And I thank the NFL scheduling douchebags who made my initial installment of this series such a difficult task - we’re going against the 1st ranked rushing defense and 2nd ranked passing defense from last year.

Well, let’s get to it.


Rushing: We have to run just enough to keep them honest, but I don’t see any game plan that involves a run-heavy approach that will be successful against Seattle. Run enough to be balanced, but understand the bigger plays will happen through the passing game - and maybe Might Mouse on special teams. In the end game, it’s better to have minimal rush success in the interest of keeping the defense off-balanced, than it is to become one-dimensional.

Despite the Rams’ poor performance on the ground in their week 1 upset of Seattle last year, the balanced play-calling allowed Nick Foles to throw for almost 300 yards, over 2/3 of those yards went to TE’s and RB’s. Play-action is still viable with a commitment to, I hate to say it, unsuccessful running, which is likely to be our reality on Sunday. We have the potential to be a dangerous play-action team if we can create an aura of a commitment to the run game.

Passing: You know what? - side bar - I like that Jarvis Landry said we weren’t going to steer away of anybody this weekend in Seattle’s secondary. I love the confidence.

With that being said, I think the dink-and-dunk is the recipe. 4 yards and an option route has become the new 4 yards and a cloud of dust.

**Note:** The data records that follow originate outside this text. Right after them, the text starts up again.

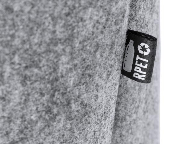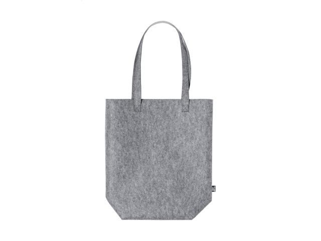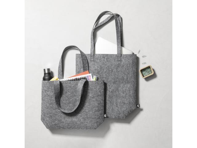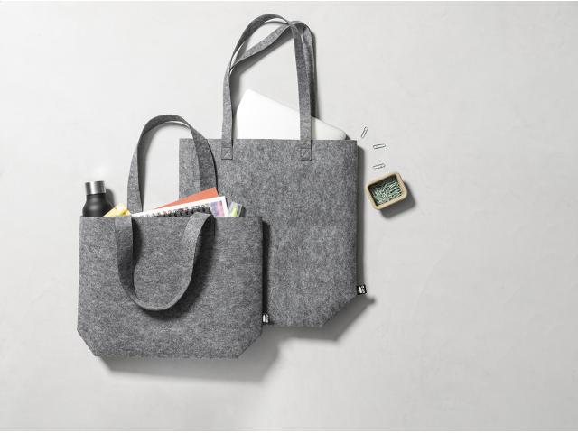 RPET felt shopping bag with extra long handles and bottom gusset. With distinctive RPET label.
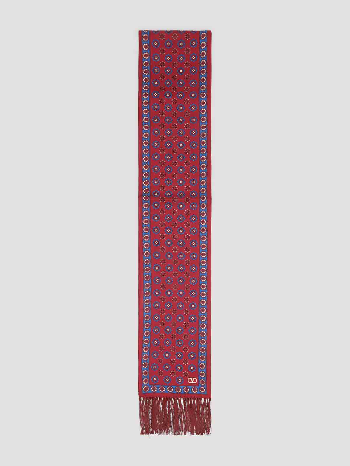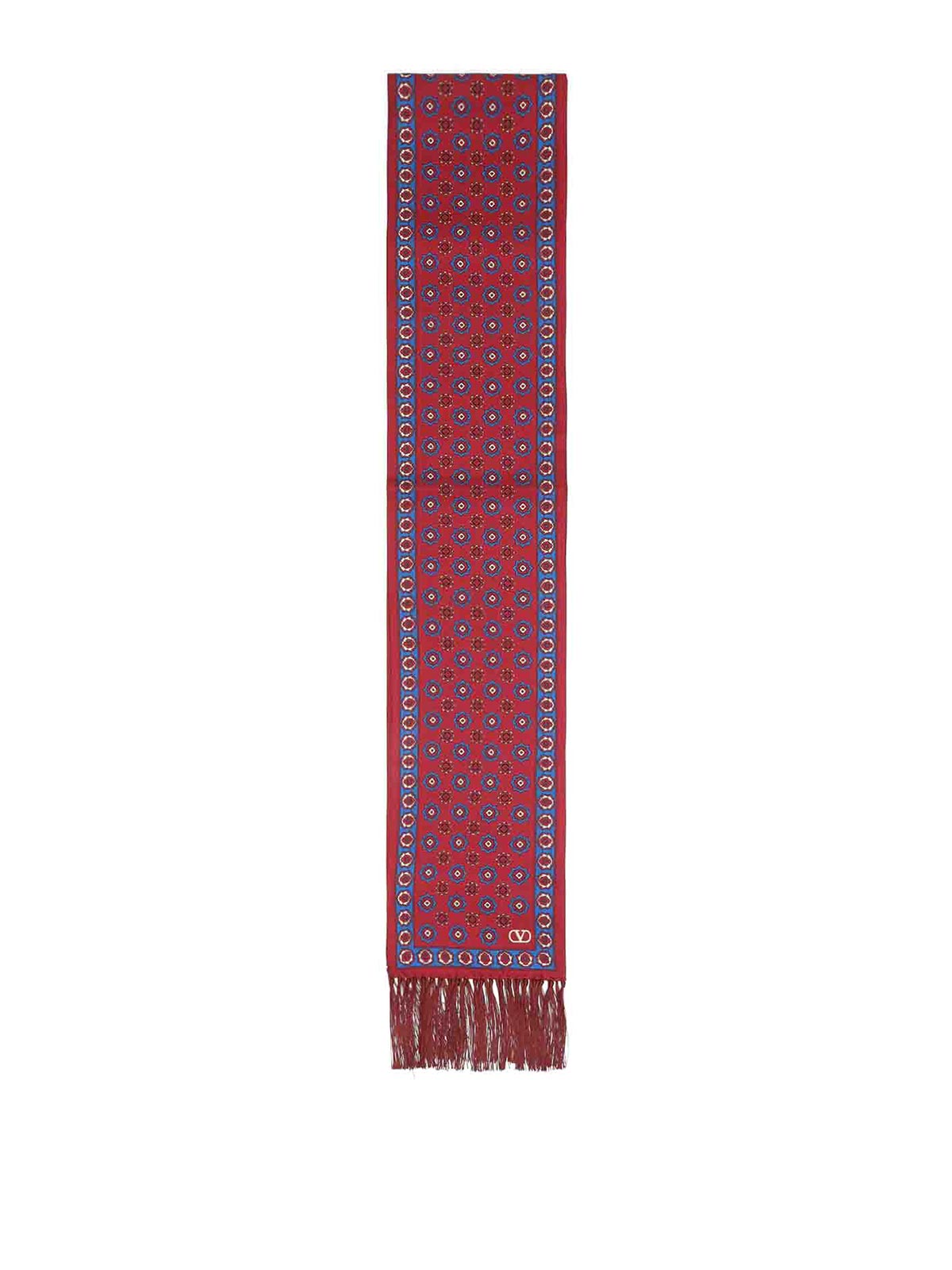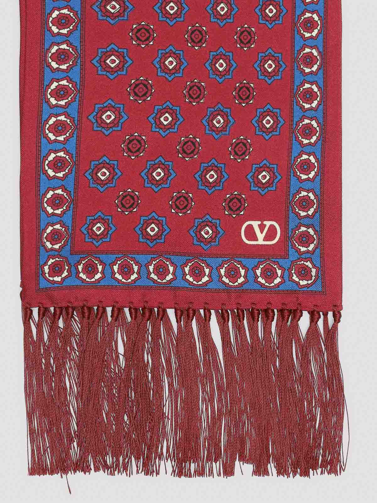 Valentino garavani red silk bandeau scarf. pure silk scarf, red fringed details, tonal stitching, side ivory white signature v-logo. red background with blue and ivory white geometric pattern all-over.
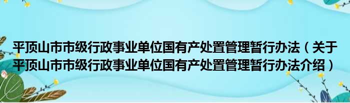平頂山市市級行政事業單位國有產處置管理暫行辦法(關于平頂山市市級行政事業單位國有產處置管理暫行辦法介紹)
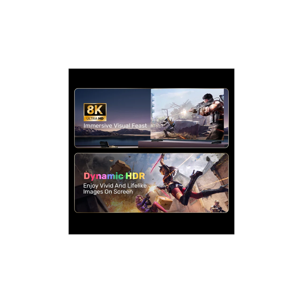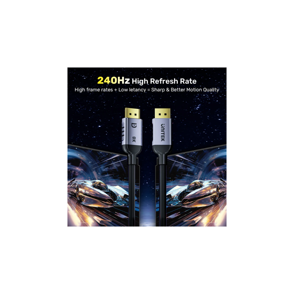 Enjoy stunningly vivid and lifelike images on your screen with Dynamic HDR technology. Immerse yourself in entertainment like never before, perceiving every movement clearly in games and 3D VR. With a maximum refresh rate of 240Hz and resolutions up to 8K@60Hz, the UNITEK 8K DisplayPort cable also supports up to 32 audio channels and a sample rate of 1,536kHz, delivering an authentic audio experience that complements your visual feast.
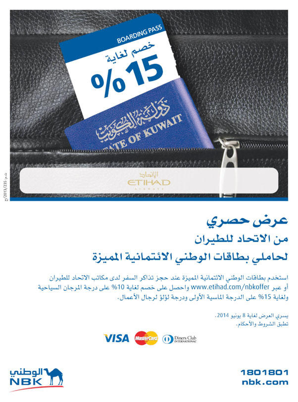 يواصل بنك الكويت الوطني عرضه الحصري لحاملي بطاقاته الائتمانية المميزة متضمناً خصومات حصرية على تذاكر السفر من الاتحاد للطيران. ويستمر هذا العرض على جميع رحلات ووجهات سفر الاتحاد للطيران لغاية 8 يونيو 2014. ويحصل حاملو بطاقات الوطني الائتمانية المميزة: فيزا إنفينيت، ورلد ماستركارد، فيزا وماستركارد بلاتينوم، ماستركارد تيتانيوم، داينرز كلوب على خصم بنسبة 10 في المئة على تذاكر الدرجة السياحية و15 في المئة على تذاكر الدرجة الأولى الماسية ودرجة لؤلؤة رجال الأعمال إلى كافة الوجهات التي تغطيها شركة الاتحاد للطيران، وذلك عند حجز تذاكرهم عبر مكتب الاتحاد للطيران أو عبر الموقع الالكتروني للاتحاد للطيران في دولة الكويت.
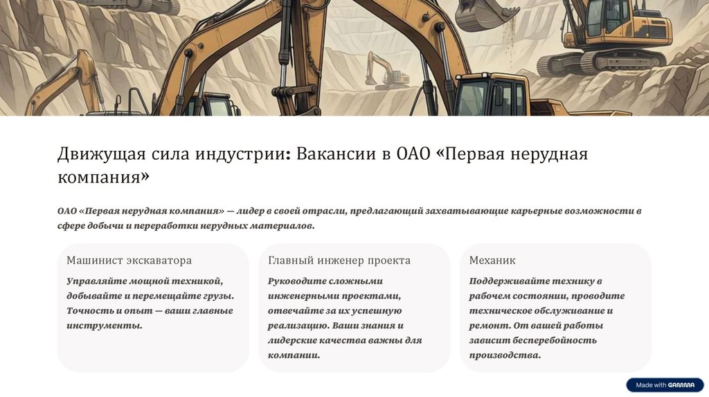 Движущая сила индустрии: Вакансии в ОАО «Первая неруднаякомпания»

In my previous post, I noted that I believe Arian Foster is a match-up strength on every LB Seattle has except KJ Wright. If Seattle sticks with their overall defensive scheme of press Cover 3, I look for Foster to have a huge role in any proverbial success through the air.

Arian Foster is a masterful RB route runner, and the angle routes can take advantage of the spacing left near the hashes as defensive players rotate toward their zones. Jarvis Landry, Kenny Stills, DeVante Parker, Leonte Carroo, and Jakeem Grant comprise an interesting mix of WR’s that I believe will put pressure on the back-end of Seattle’s defense, making the match-up of Arian Foster vs. Seattle LB that much more likely.

If Jordan Cameron can figure out how to catch a pass, that would really help in this game attacking the seam.

The ultimate hedge factor of the offensive game plan is the offensive line and how they control the front 4. And perhaps even more importantly, how the silent counts, audibles and adjustments go from a communication standpoint.


An already skeptical Seahawks offensive line was hampered by the injury to 1st round pick Germain Ifedi. I’m taking a quasi-Patriots*** approach to this game and rushing 4 most of the time - the more we are able to disrupt the pocket rushing 4, it will allow us to minimize our potential deficits in coverage from the LB’s and CB’s. But I’m not sitting on that plan for long if Mario Williams and Cam Wake aren’t winning their 1-on-1 match-ups on a regular basis.

Suh will be disruptive no matter what, in my opinion. I think the real action is on the edge, where hopefully we are not allowing Wilson to extend plays to the outside and allow their WR’s to get deep on improvised plays and/or allowing Wilson to run for big chunks of yards.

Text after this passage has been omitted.